Humas Pemkab Nunukan | Selasa, 06 Mei 2014 - 16:36:27 WIB | dibaca: 2167 pembaca

RESMIKAN : Tampak Danlantamal VIII Manado Laksamana Pertama TNI R M Harahap di dampingi Bupati Nunukan Drs H Basri saat melakukan penandatanganan prasasati tanda diresmikannya rumah dinas dan mess yang diperuntukkan bagi prajurit TNI AL yang bertugas di wilayah perbatasan Kabupaten Nunukan, Rabu (5/3).

NUNUKAN – Komandan Pangkalan Utaman AL (Lantamal) VIII Manado Laksamana Pertama TNI R M Harahap didampingi Asrena Danlantamal VIII Kolonel Laut (P) Bambang Irawan dan Komandan Lanal (Danlanal) Nunukan Letkol Laut (P) I Bayu Trikuncoro serta Bupati Nunukan Drs H Basri meresmikan beberapa Fasilitas Dinas bagi prajurit TNI AL yang bertugas di Kabupaten Nunukan, Rabu (5/3).

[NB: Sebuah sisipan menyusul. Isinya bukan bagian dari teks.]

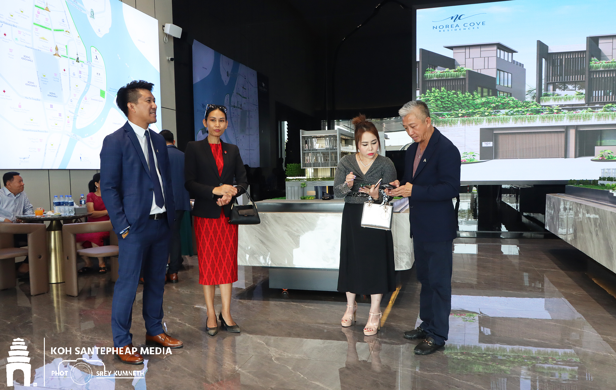 នៅក្នុងពីធីដ៏ឱឡារិកនេះ បរិយាកាសនៅខាងមុខគម្រោងលំនៅឋាន ដែលស្ថិតនៅមុខទន្លេកោះនរា ពោរពេញទៅដោយភាពរំភើបជាមួយនឹងម្ចាស់លំនៅឋាននាពេលខាងមុខ ។ ឥស្សរជន និងបងប្អូនអ្នកសារព័ត៌មានជាច្រើនចូលរួម ដើម្បីជាសក្ខីភាពកក្នុងការចាប់ផ្ដើមការអភិវឌ្ឍន៍មួយ ដែលជាការសន្យាថា នឹងផ្ដល់ភាពអស្ចារ្យល្អប្រណីតនៅក្នុងប្រទេសកម្ពុជា ។

Fasdin tersebut terdiri dari Rumah Dinas (Rumdis) TNI AL Sutanto Mansapa sebanyak 16 unit rumah terdiri dari 4 unit type 45 dan 12 unit type 36, Mess Tidur Dalam Bintara/Tamtama Sundoro sebanyak 24 kamar dan 14 unit rumdis Bachtiar terdiri dari 1 unit type 45 dan 12 unit type 36 yang berada di Pulau Sebatik.
Secara simbolis, peresmian yang dipusatkan di lokasi perumahan dinas Sutanto Mansapa Kecamatan Nunukan Selatan, ditandai dengan pemotongan pita dan penandatanganan prasasti  dan langsung diserahkan  ke prajurit TNI AL Nunukan untuk dipergunakan. Dengan demikian, permasalahaan kesejahteraan prajurit TNI AL yang bertugas di wilayah perbatasan mulai terjawab khususnya masqlah tempat tinggal.
“Saat ini Lanal Nunukan telah memiliki 53 unit rumah dinas. Kemudian mess untuk perwira, bintara ,tamtama dan transit dengan total 46 kamar,” sebut Danlantamal VIII Manado Laksamana Pertama TNI R M Harahap dalam sambutannya.
Dikatakan, dengan adanya beberapa fasilitas yang diberikan kepada prajurit TNI AL tersebut diharapkan, para prajurit yang bertugas di wilayah perbatasan ini semakin betah dan semakin tinggi semangatnya dalam mengawaki dan menjaga wilayah perbatasan khususnya bagian laut ini.
“Pembangunan rumah-rumah untuk prajurit di perbatasan ini memang merupakan arahan dari panglima. Sebenarnya, rumah dinas ini sudah lama diselesaikan, hanya saja kita ingin melakukan yang resmi-resmi, makanya meresmikannya,” ungkapnya.
Menurutnya,  jumlah prajurit TNI AL yang bertugas di Kabupaten Nunukan sebagai bagian dari wilayah perbatasan saat ini memang masing kurang. Saat ini kekuatan prajurat TNI AL yang ada hanya 40 persen.  Namun, kekurangan tersebut secara perlahan akan ditambah hingga mencapai 100 persen.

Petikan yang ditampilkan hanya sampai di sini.